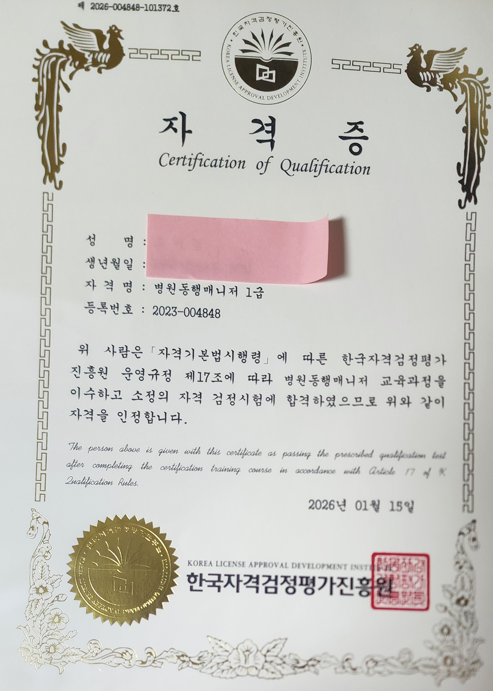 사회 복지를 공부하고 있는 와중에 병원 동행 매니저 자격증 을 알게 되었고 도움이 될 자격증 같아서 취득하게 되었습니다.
* * *
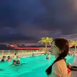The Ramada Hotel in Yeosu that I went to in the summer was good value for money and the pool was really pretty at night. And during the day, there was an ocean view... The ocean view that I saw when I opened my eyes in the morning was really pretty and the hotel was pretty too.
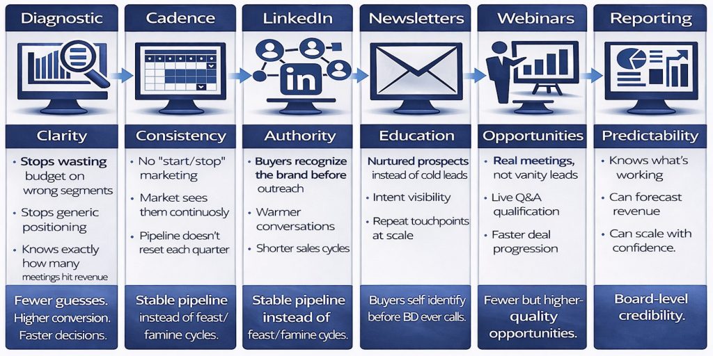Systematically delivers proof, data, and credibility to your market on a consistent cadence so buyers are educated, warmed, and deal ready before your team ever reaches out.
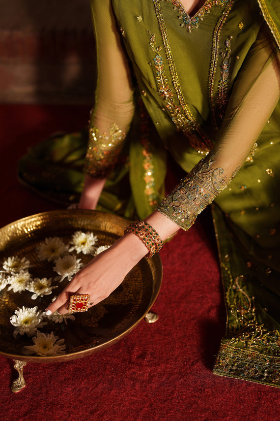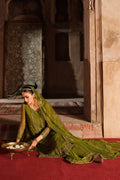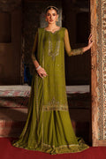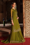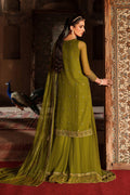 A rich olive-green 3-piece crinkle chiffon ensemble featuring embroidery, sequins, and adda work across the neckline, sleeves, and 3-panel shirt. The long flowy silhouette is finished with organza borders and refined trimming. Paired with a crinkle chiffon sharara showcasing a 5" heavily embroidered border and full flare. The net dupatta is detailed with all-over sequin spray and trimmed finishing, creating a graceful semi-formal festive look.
--
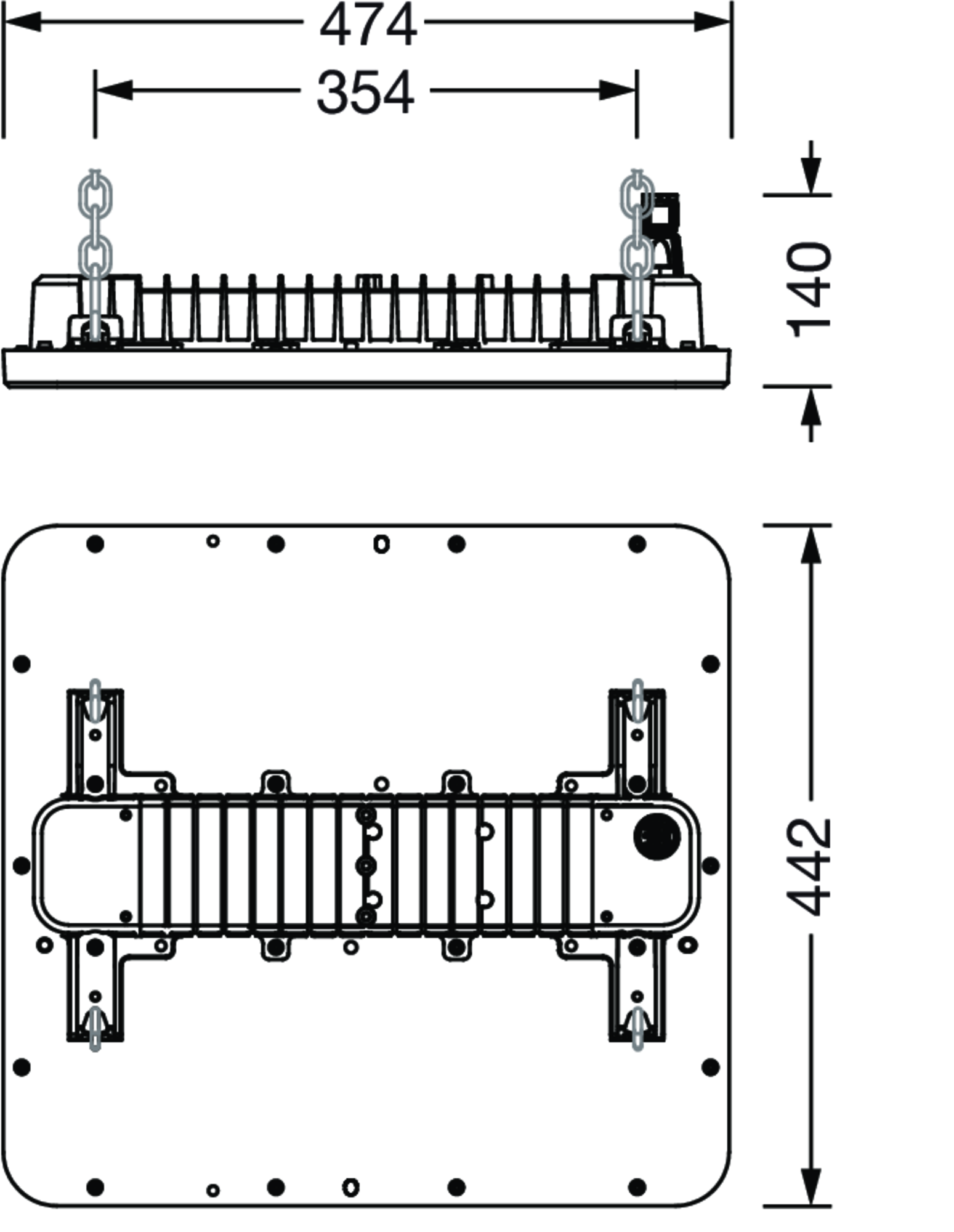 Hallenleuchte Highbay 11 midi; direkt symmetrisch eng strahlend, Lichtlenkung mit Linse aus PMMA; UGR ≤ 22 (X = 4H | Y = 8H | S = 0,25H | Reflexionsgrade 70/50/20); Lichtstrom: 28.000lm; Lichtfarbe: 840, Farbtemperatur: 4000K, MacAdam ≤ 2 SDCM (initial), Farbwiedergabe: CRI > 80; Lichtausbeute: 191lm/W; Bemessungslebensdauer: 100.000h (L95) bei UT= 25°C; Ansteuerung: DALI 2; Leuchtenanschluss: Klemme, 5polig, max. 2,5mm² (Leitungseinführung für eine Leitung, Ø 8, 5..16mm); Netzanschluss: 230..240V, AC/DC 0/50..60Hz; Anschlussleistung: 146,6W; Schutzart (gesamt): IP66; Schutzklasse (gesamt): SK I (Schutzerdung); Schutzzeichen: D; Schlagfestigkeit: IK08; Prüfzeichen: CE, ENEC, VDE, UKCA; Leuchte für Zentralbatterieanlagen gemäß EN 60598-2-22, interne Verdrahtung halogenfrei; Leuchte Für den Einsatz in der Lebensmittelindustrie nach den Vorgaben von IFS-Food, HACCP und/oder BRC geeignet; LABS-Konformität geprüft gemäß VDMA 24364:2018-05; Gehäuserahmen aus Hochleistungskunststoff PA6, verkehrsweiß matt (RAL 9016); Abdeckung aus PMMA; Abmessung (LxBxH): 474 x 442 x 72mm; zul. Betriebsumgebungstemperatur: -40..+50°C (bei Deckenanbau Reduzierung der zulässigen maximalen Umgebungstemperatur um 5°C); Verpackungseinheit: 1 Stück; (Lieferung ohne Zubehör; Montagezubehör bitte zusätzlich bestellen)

## Problem details:
Go back to the listing above and reproduce, exactly, the stretch from the line bearing "The Ramada Hotel" through the line bearing "A rich olive-green", without its pictures.

## Response to this task:
The Ramada Hotel in Yeosu that I went to in the summer was good value for money and the pool was really pretty at night. And during the day, there was an ocean view... The ocean view that I saw when I opened my eyes in the morning was really pretty and the hotel was pretty too.
Systematically delivers proof, data, and credibility to your market on a consistent cadence so buyers are educated, warmed, and deal ready before your team ever reaches out.
 A rich olive-green 3-piece crinkle chiffon ensemble featuring embroidery, sequins, and adda work across the neckline, sleeves, and 3-panel shirt. The long flowy silhouette is finished with organza borders and refined trimming. Paired with a crinkle chiffon sharara showcasing a 5" heavily embroidered border and full flare. The net dupatta is detailed with all-over sequin spray and trimmed finishing, creating a graceful semi-formal festive look.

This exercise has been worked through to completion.